Her book is interesting in part because she devotes almost half to poems she has translated – notably the work of Marina Tsvetayeva and other Russian poets. She has much in communion with – and has learnt much from – such poets: their passionate engagement with life lived in extremis.

Hugo Williams, whose Collected Poems (Faber, £20) is also just published, seems by comparison as disarmingly casual as Hugh Grant draped across a sofa. He has no time for standard poetic techniques; he never beats a rhetorical breast. There are no long words – like metonymy or periphrasis – to be half-understood. The manner is low-key, the writing apparently loose. Seemingly: much of his work returns to the absurdities of his schooldays, or finds him humorously quizzing himself about his uneasy relationship with his father, actor Hugh Williams. What did it all represent? How much of the father is there in the son? His poems are redeemed and energised by a deadpan humour. At first, they can seem trivial and suave. And yet they endure – like good jokes.

Quite the opposite of Williams is Geoffrey Hill, whose poetry has been intimidating and invigorating relatively unlearned mortals for almost half a century. Hill is 70 this year, and in the past decade has been extraordinarily prolific – four of his seven collections of poetry have appeared since 1996.
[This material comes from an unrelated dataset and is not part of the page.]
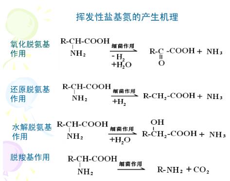 蛋白質在酶和細菌的作用下分解后產生堿性含氮物質,有氨、伯胺、仲胺等,此類物質具有揮發性,測定時使用高氯酸溶液浸提,在堿性溶液中蒸餾出后,用硼酸吸收液吸收,再以標準滴定酸溶液滴定計算含量。

To some, Hill represents a huge anachronism. At a time when poets have embraced the vernacular wholesale, Hill has adhered to a high, rhetorical style full of debunking Latinisms and relentlessly obscure references. The Orchards of Syon (Penguin, £9.99) retains some of this manner, and yet it also reveals a new lyric sweetness. The vocabulary is more relaxed and inclusive. There is a less loftily chilly atmosphere about this sequence of 72 page-long meditations upon human mortality, the nature of beauty, the fragile, remembered delights of the vanished England of his childhood.
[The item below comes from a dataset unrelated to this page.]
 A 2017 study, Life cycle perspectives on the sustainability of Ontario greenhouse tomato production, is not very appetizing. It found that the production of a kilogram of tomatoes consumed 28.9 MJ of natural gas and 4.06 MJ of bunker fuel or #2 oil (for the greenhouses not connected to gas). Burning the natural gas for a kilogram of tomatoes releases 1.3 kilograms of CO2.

Sean O'Brien, who has just published Cousin Coat (Picador, £7.99), his selected poems of a quarter of a century, is a pugnacious, sarky-tongued man of the North of England with a gritty social message. He has often been compared to Auden, and echoes or similar turns of phrase are easily found. Like Auden, O'Brien's poetry is full of hasty, snapshot observations of places and people – he is often leaving or just arriving. But O'Brien is louder-mouthed, tougher-minded, less prissy and much more intrusively foot-in-the-door. Which is a tonic, and one among several very good reasons to read him.